Оболенцева это замечание почему-то рассмешило: опасно, так перекрыли бы дорогу, поставили фанеру с надписью. Мастера!
Он схватил кепку, бинокль, просунул руку в браслет часов и выбежал из дому.
В «рафике» царило угрюмое — по раннему утру — молчание. Администраторша Паня пыталась развязать узел на тесемках соломенной шляпы помрежа Наденьки, Макс — тот просто спал, опустив подбородок на грудь, а его ассистент Жора безуспешно чиркал зажигалкой и лишь мельком вскинул на Оболенцева красные от вечернего перепоя глаза.
— Эй, — сказал Оболенцев. — Люди! Вы что? Поглядите, что в мире творится!
— Мы опаздываем, — прошепелявила Паня, вцепившись зубами в узел.
— Позвольте прикурить, — сказал Жорка. — Зажигалочку вашу, Кирилл Константинович, «ронсон».
— Да вы посмотрите! — настаивал Оболенцев. — Церковь собираются ломать. А? Представляете, Успенское — и без церкви. Его уж и селом нельзя будет называть. Деревня, раз без церкви.
— Ой, — сказала помреж Надя. — А как же ее сломают? Взорвут?
— Да вон — тросом. Закрепят трос на колокольне и дернут трактором. Ветхая колоколенка, полвека не ремонтирована, так, поди, и посыплется! Надо же — новость…

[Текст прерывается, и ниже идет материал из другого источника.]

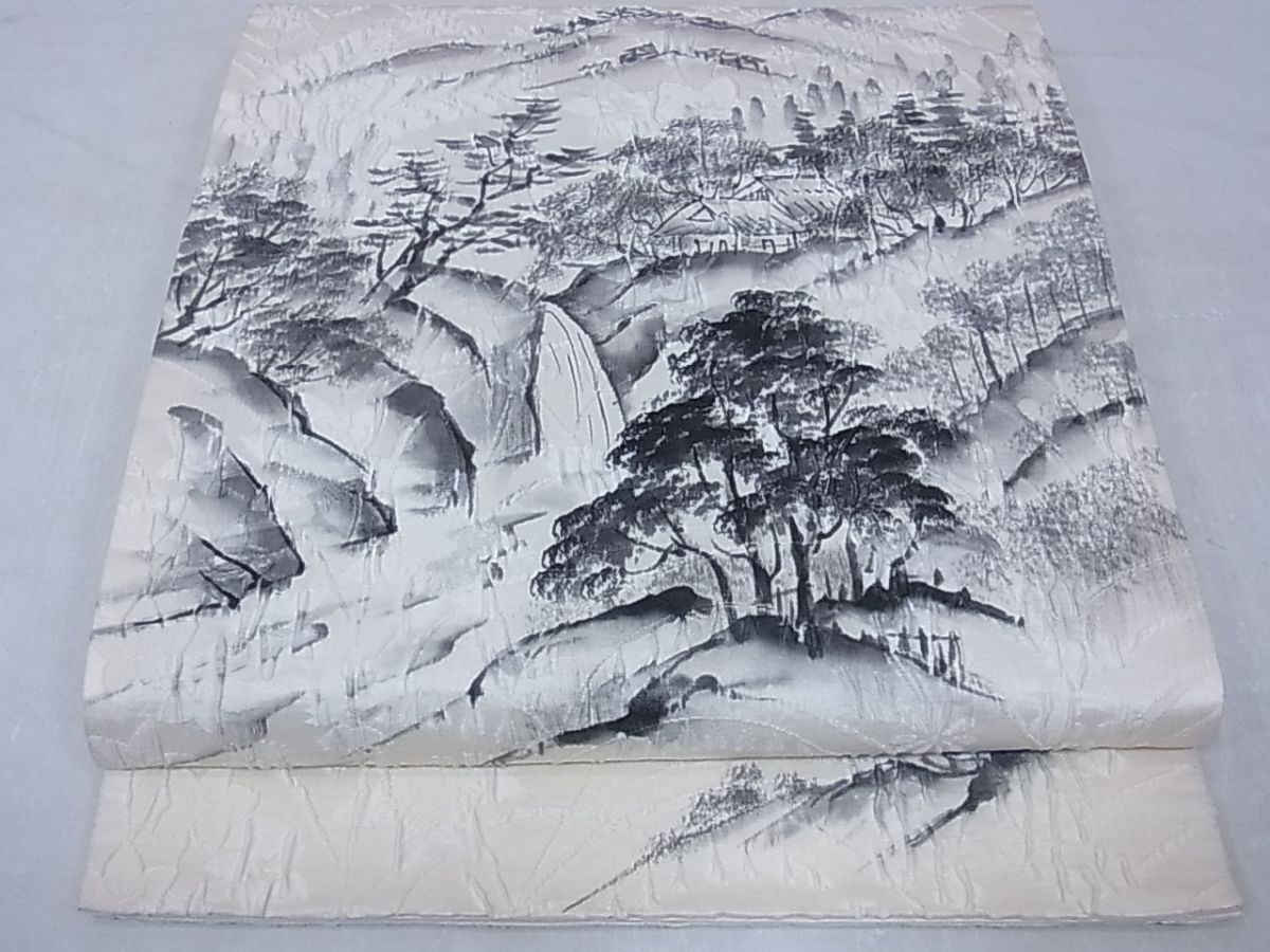 - eふれんず◆太鼓柄袋帯 ふくれ織 手描き 風景文 正絹 美品◆bm1861

— Вы все, Кирилл Константинович, последним узнаете, — сказала Паня. — Сторож на базе три дня пристает с вашей новостью. — Она наконец развязала узел и смотрела торжествующе. — Дорожникам нужен кирпич, так председатель договорился, что они в виде платы за него снесут колокольню и разберут кровлю. А еще ограду сломают. Из оставшегося туземцы намерены создать лучший в мире клуб…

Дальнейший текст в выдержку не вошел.